Lewis Gjaltema
- Full name: Lewis Gjaltema
- Born: 11 December 1997 (age 28) New Zealand
- Height: 174 cm (5 ft 9 in)
- Weight: 87 kg (192 lb; 13 st 10 lb)
- School: Orewa College

Rugby union career
- Current team: Harlequins

Amateur team(s)
- Years: Team / Apps / (Points)
- 2016-2018: East Coast Bays

Senior career
- Years: Team / Apps / (Points)
- 2016-2020: North Harbour / 31 / (10)
- 2020-: Harlequins / 47 / (20)
- 2023: → London Scottish (loan) / 7 / (15)
- Correct as of 1 August 2023

International career
- Years: Team / Apps / (Points)
- 2015: New Zealand Schools Barbarians / 1 / (0)
- Correct as of 1 August 2023

= Lewis Gjaltema =

New Zealand rugby union player

Lewis Gjaltema (born 11 December 1997) is a New Zealand rugby union player who plays as a scrumhalf for Harlequins in the English Premiership.

==Career==

=== North Harbour ===
Gjaltema began his professional career joining North Harbour in 2016 to play in the ITM Cup. He made his debut the following year. In 2018 was voted North Harbour's Premier Club Player Of The Year. He would later go on to captain the team.

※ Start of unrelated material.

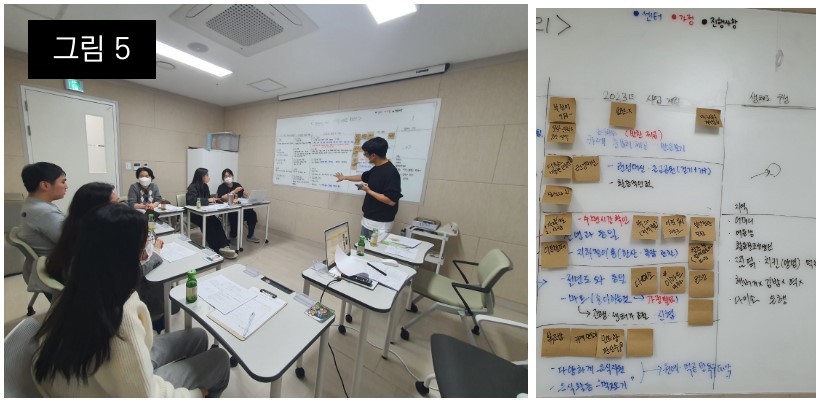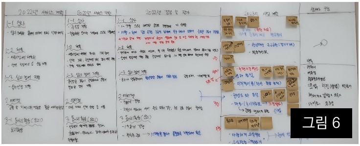 센터장이 회의를 진행하면서, 나온 이야기를 키워드로 해서 포스트잇을 활용해서 내년 계획을 정리 [그림 5 참조]
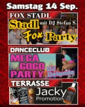 | Mega GoGo Party - Danceclub Mega GoGo Party by DJ Delgado Fox Stadl - Stadl Fox Party mit DJ Stefan S. Terrasse - Jacky Promotion Einlass ab 18 Jahren. Eintritt 5,- €. Geöffnet jeden Freitag und Samstag sowie vor Feiertagen ab 21:00 Uhr. |

While at North Harbour he spent time training with the Auckland Blues wider training squad. Where he trained with future Harlequins teammate Joe Marchant.

=== Harlequins ===
He joined Harlequins before the 2020–21 season, making his debut in the Premiership Rugby Cup. In March 2023 he extended his contract with Harlequins.

=== London Scottish ===
He has spent time on dual-registration at RFU Championship side London Scottish making his debut against Doncaster Knights.

==International career==
While playing rugby for Orewa college, he impressed and was selected for New Zealand Schools Barbarians. He was then later selected for the New Zealand U20s wider training squad.